How expensive the capital is for you basically depends on the risk of investing in your business and the potential return it may deliver. Going public dramatically reduces the potential risk of investing in your company because of two reasons:

  1. As now your shares are traded freely, in case an investor is unsatisfied with your performance they can simply sell their stake on the stock market. Otherwise, they could have waited long for years to exit the investment, while the losses would amplify.
  2. In case of problems with debt repayments, you can always raise more on a stock market or pay your debt with shares, which also reduces the risk for your lenders.

Reduced risk means lower cost of raising capital because you can have a more balanced capital structure, i.e. split fundraising between equity and debt.

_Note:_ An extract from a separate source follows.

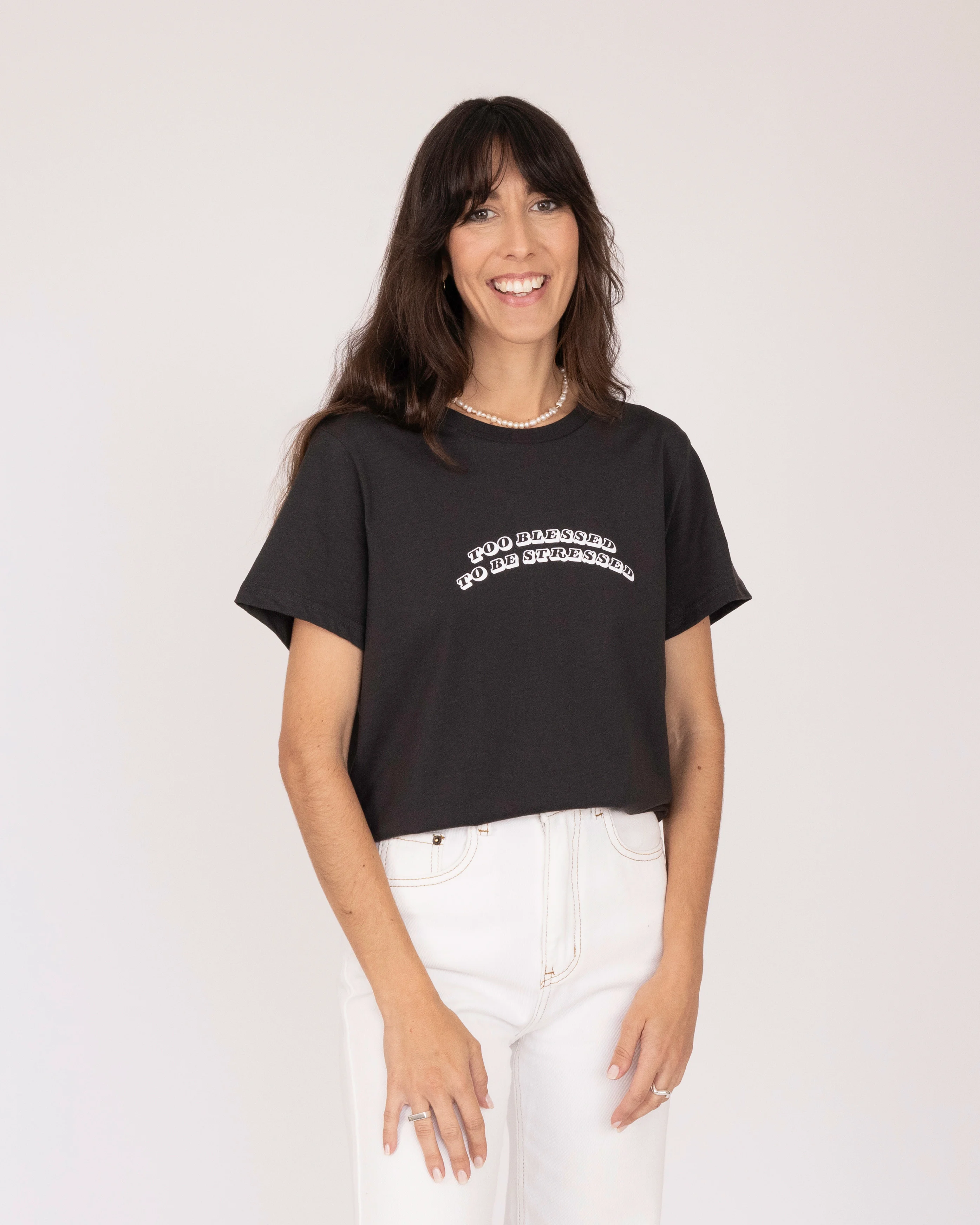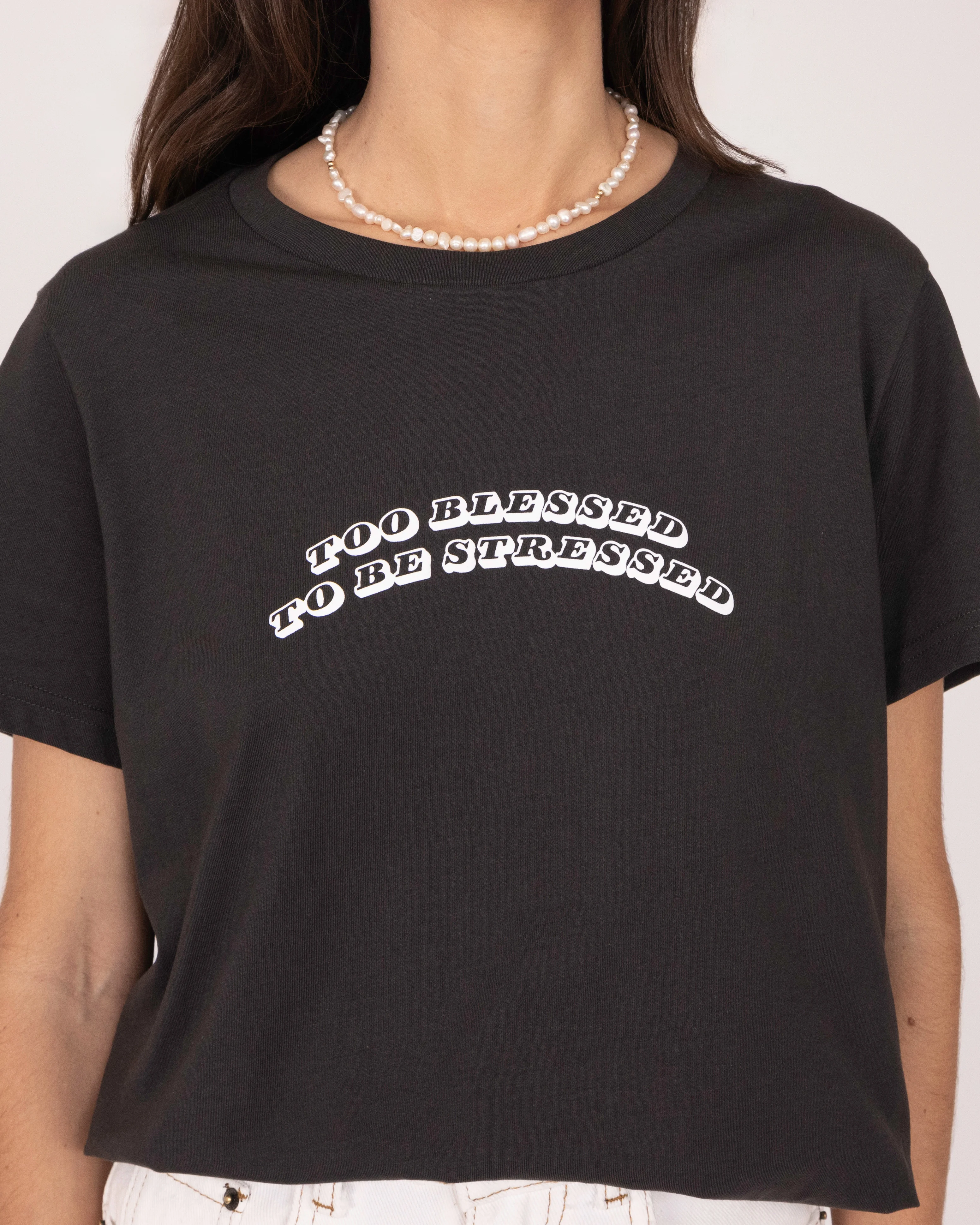 Womens Maple Tee: Too Blessed To Be Stressed, XSmall, White on Coal

Why Facebook would not buy Instagram and Salesforce would not buy Slack if buyers were private companies

Acquisitions are an extremely powerful way to grow. They provide access to new technologies, customers, and markets. However, acquisitions may be very costly. You have probably heard that Facebook bought Instagram for 1 billion dollars, Salesforce bought Slack for a mind-blowing 27.7 billion dollars. Spending such a huge amount of cash is ridiculous, and even the biggest companies don’t have that much on account. What they do instead is they pay with their shares, which they can freely issue and give to owners of the business being acquired. This would not have been possible if the shares were not liquid.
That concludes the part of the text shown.